Tomas Richardson wrote:Hi everyone. I'm fairly new to java - coming from an python hobbyist background. Starting university next year and wanted to get a head start in programming with java. So, I'm just recreating some simple projects I used to learn python but converting them to java. This program is a simple guessing game 1-100 and the output will let the user know if their guess is to high or low so that they can get closer to the answer.
I'm slowly building on the program. The basic idea works fine.. but then I decided to add a try block to catch an error from the user input (i.E if they enter a string rather than an int type). The code works perfectly if I replace my continue statement with a break statement.. but I'd like the user to be able to keep entering input until they enter a type int, rather than breaking them out of the loop/program. In python I would normally use a continue to pop them back up to the start of the while loop which will keep prompting them for input. However, in java it seems that the continue is just popping the code to the println above it and not to the start of the loop so what I get is an infinite loop with a message 'invade int type' instead. What am I not seeing?
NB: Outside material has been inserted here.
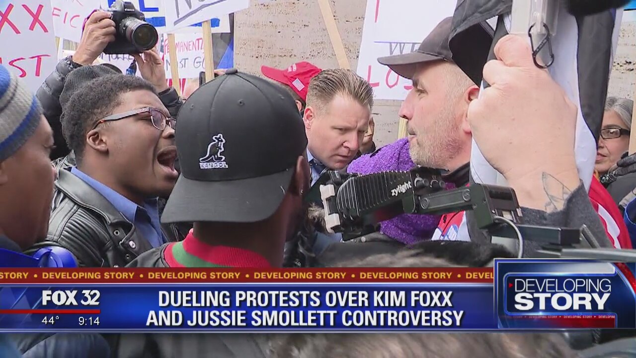 Dueling rallies in downtown Chicago supported and slammed Cook County State's Attorney Kim Foxx's performance in the Jussie Smollett case.

Thank you in advance for your time.
Derik Davenport wrote:Tom,
there are lots of interlaced replies here. You might have missed mine above.
Scaner.next() has nothing with continue.
Your understanding of continue is correct. It is doing what you think. It is your understanding of the Scanner class that is incomplete.
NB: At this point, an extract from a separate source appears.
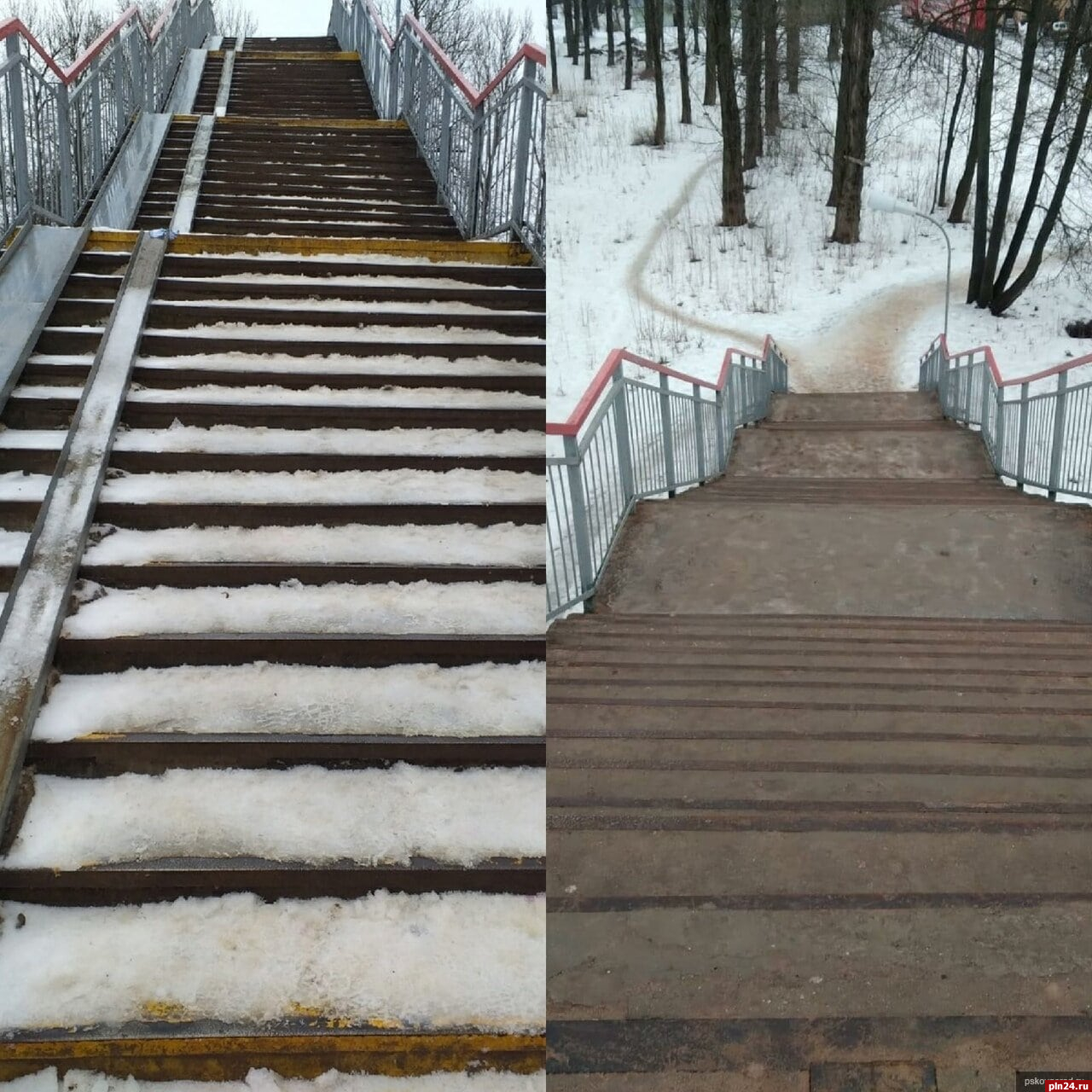 Напомним, что ранее жители города неоднократно жаловались на неудовлетворительное состояние пешеходного моста через железнодорожные пути в районе станции «Псков-Пассажирский». Так, горожанка в своей жалобе, опубликованной 24 февраля в группе «Жесть по-псковски», назвала сооружение «полозьями для смертников». Скользкие ступени, покрытые льдом, создавали опасность для спуска и подъема.

When the exception occurs during the call to nextInt(), the bad token is not removed. We say "the scanner does not advance". scaner.next() is clearing out the old input, forcing the scanner to advance past the bad input we know is there.
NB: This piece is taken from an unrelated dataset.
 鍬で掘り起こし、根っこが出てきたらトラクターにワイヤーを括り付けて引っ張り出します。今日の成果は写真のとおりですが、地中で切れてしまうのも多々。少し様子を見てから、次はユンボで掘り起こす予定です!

As a test of your understanding, using the 2 lines I suggested above, what would happen if you entered "George 123" (without the quotes)?
No, I mean if you typed the program to include the 2 lines I suggested above, and your ran it, and used "George 123" as your input, how would your program respond?
would assume (and i will test it). without the quotes I would assume the complier would throw a fit because it is expecting a string inside quotes and stop there.
Yep. Because the nextInt() parses as many digits as it can until it hits the "delimiter". YOu can set the delimiter to be anything you want, but in this case it is set to white space. Each time the scanner comes across a space, it stops reading, creates the integer out of what it has, and then advances to the point after the space. When nextInt is called again it continues where the last call left off.
i can enter a several numbers hit return and it will go through each one!
There is nothing you can do in a simple program like this that will force the user to stop typing after just 1 or 2 digits. But what you could do, is clear the input stream after the first number is found.
What if I only wanted to user to enter just one thing, rather than a bunch? for example just 20, rather than 1 2 3 40 59?
Tomas Richardson wrote:Thank you so much for explaining it to me Derik, seems much different than the python's raw_input way of getting input. It's a nice feeling to walk away from a thread having a very clear idea of how it is working and why it needs to be a certain way. Again, very much appreciated.